Pero ansioso al mismo tiempo de aprovechar cualquier mo­tivo de excusa o dilación, pidió que aquella declaratoria se le diese por escrito; mas lord Bristol escribió inmediatamente y puso en sus manos estas cortas líneas:

¿La Corte de Madrid piensa unirse a la de Versalles para obrar hostilmente contra la Gran Bretaña, o de cualquier otro modo separarse de su neutralidad? El rehusar una respuesta categórica a esta pregunta se tomará por una declaración de guerra.

Al recibirlas, el general Wall despidió a lord Bristol con mar­cadas expresiones de amistad y sentimiento, y dos días después le comunicó por escrito la declaración hostil que evidentemente no tuvo valor de hacerle de palabra, acompañándola de una carta confidencial expresiva de su pesar y estimación. El mismo día se expidió una orden a las autoridades competentes para dete­ner y embargar los buques ingleses surtos en los puertos de España; y lord Bristol, después de sufrir algunos embarazos y aun insultos de parte de la Corte, se retiró de Madrid (31).

Mientras esto ocurría en aquella capital, Londres era tam­bién teatro de altercados políticos y presenciaba la final decla­ración de guerra por ambas partes.

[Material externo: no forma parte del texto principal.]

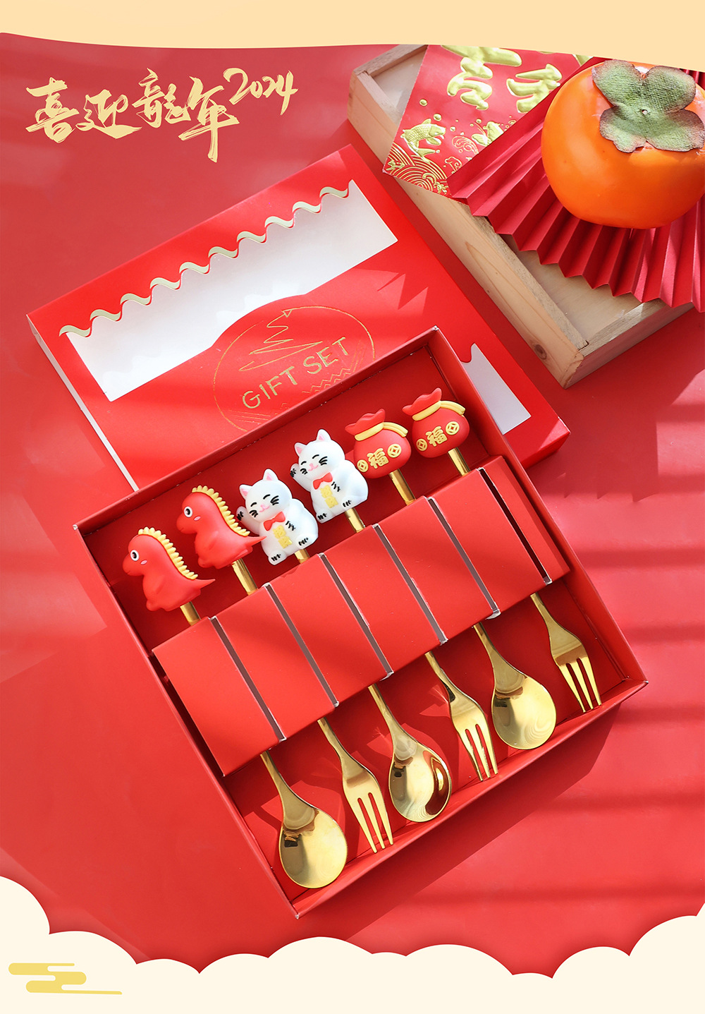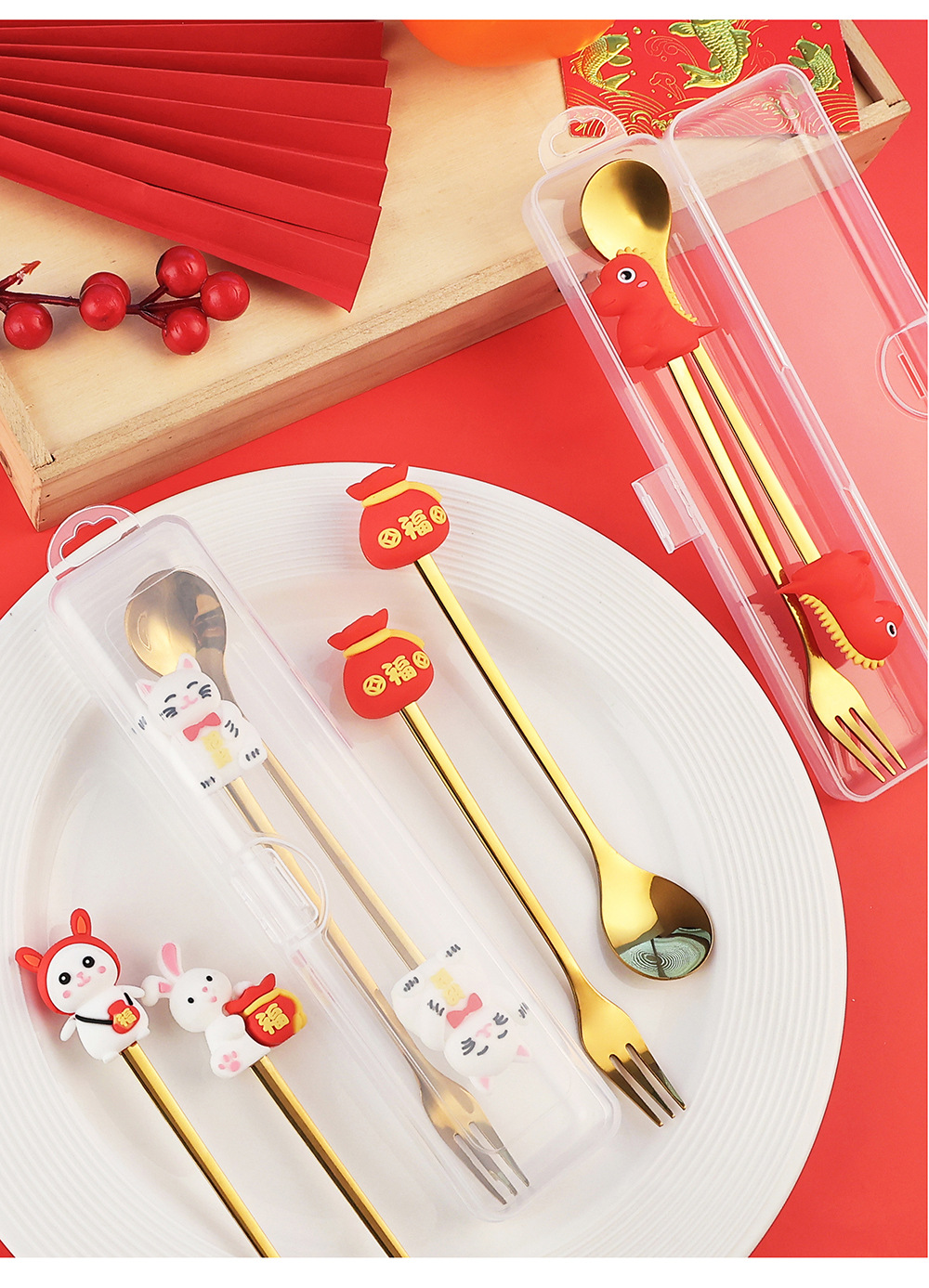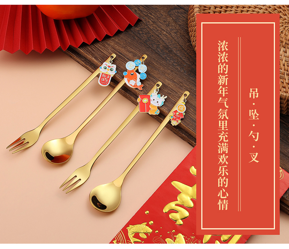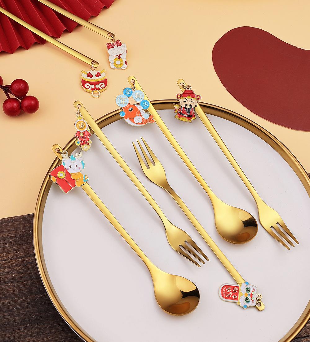 「6件套!新年佳礼」新年小礼物勺子餐具套装 咖啡勺水果叉小勺招财猫礼品公仔厨房用品餐饮用具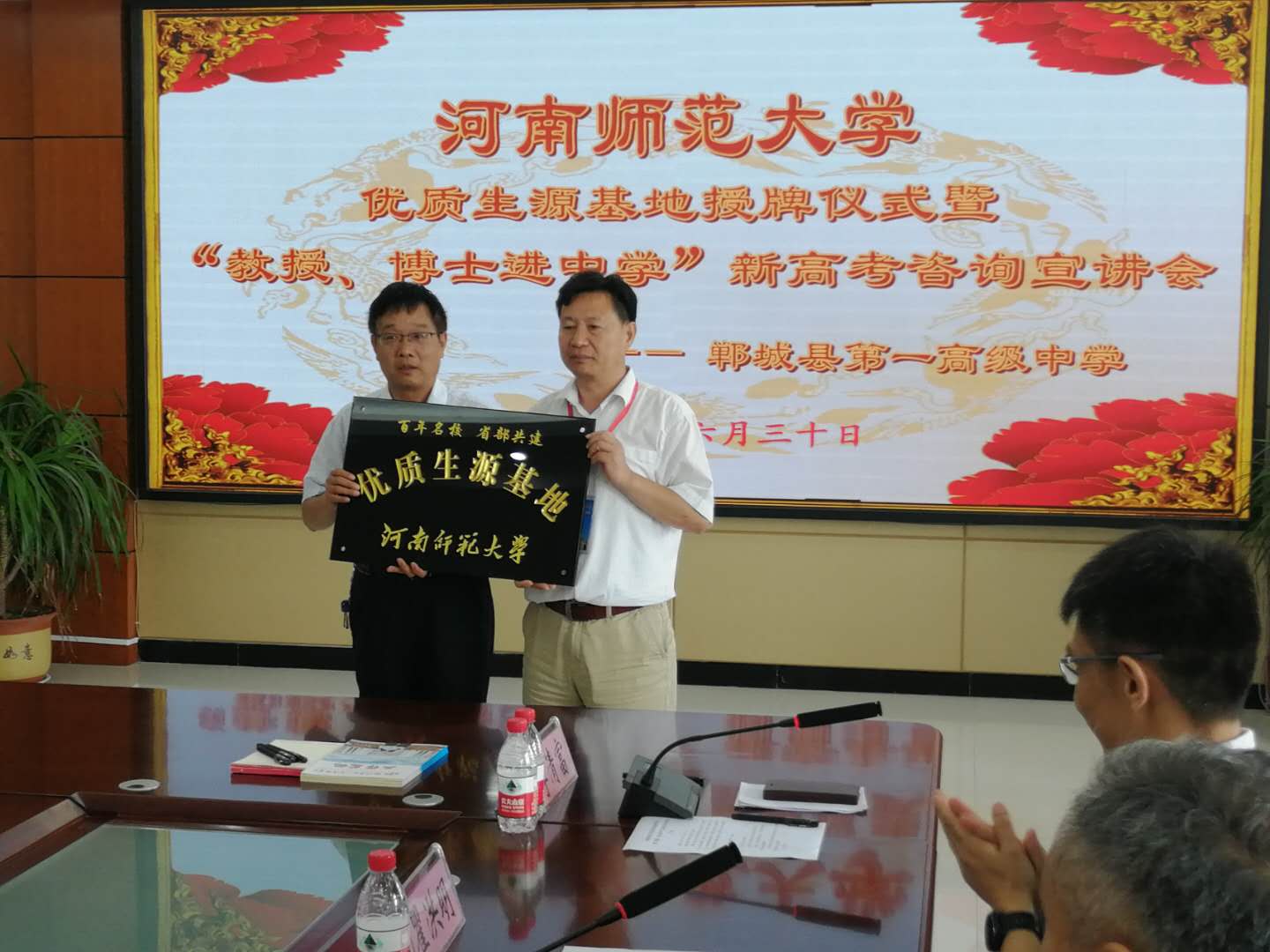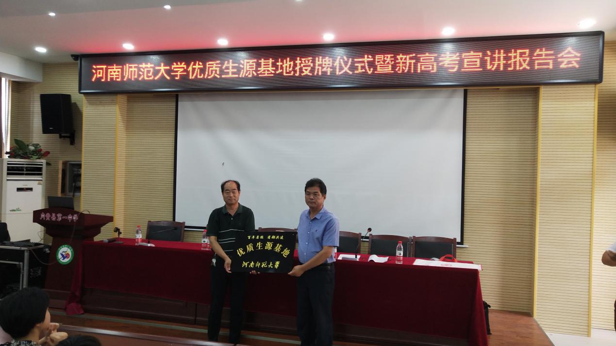 校招生办公室副主任瞿洪明代表我校与郸城县第一高级中学签订了“河南师范大学优质生源基地合作协议书”,李清富为郸城县第一高级中学授予“优质生源基地”牌匾。

El 25 de diciembre entregó el conde de Fuentes el despacho que tenía orden de comunicar a lord Egremont, y en seguida hizo circular una memoria que puede estimarse como un manifiesto al pueblo inglés. Al mismo tiempo aparecía en París un extracto del tratado de 15 de agosto, acompañado de observaciones que hacían pesar sobre Inglaterra la responsabilidad de las nuevas hostilidades. El mi­nisterio británico respondió a la memoria del embajador espa­ñol, usando de gran ingenuidad en probar que si algunos cargos merecía eran los de haberse dejado engañar por las Cortes de Borbón y permitido que España se pusiese bajo un pie res­petable de defensa (32).

En su consecuencia, el rey Jorge III declaró la guerra a España el 4 de enero de 1762, fundándose en la aprobación del monarca español a la memoria presentada por M. de Bussy en el curso de las últimas negociaciones y en su negativa a dar explicaciones satisfactorias sobre sus preparativos hostiles y compromisos con Francia; y autorizó al almirantazgo para expedir patentes de corso contra los subditos españoles (33). Carlos III, por su parte, aunque el primero en romper las hos­tilidades con la detención de buques y las restricciones im­puestas a los subditos británicos, suspendió una declaración formal hasta que apareciese la de S. M. B.; y apoyando en un hecho que no era más que el efecto inevitable de su propia política, y en las miras ambiciosas del gobierno inglés "que no reconocen otra ley que el engrandecimiento de su nación por tierra y el despotismo universal en el Océano (34), los motivos del rompimiento que la Corte de Londres había tratado de impedir por todos los medios posibles, respondió a la declara­ción de Inglaterra con la suya de 16 del mismo mes (35).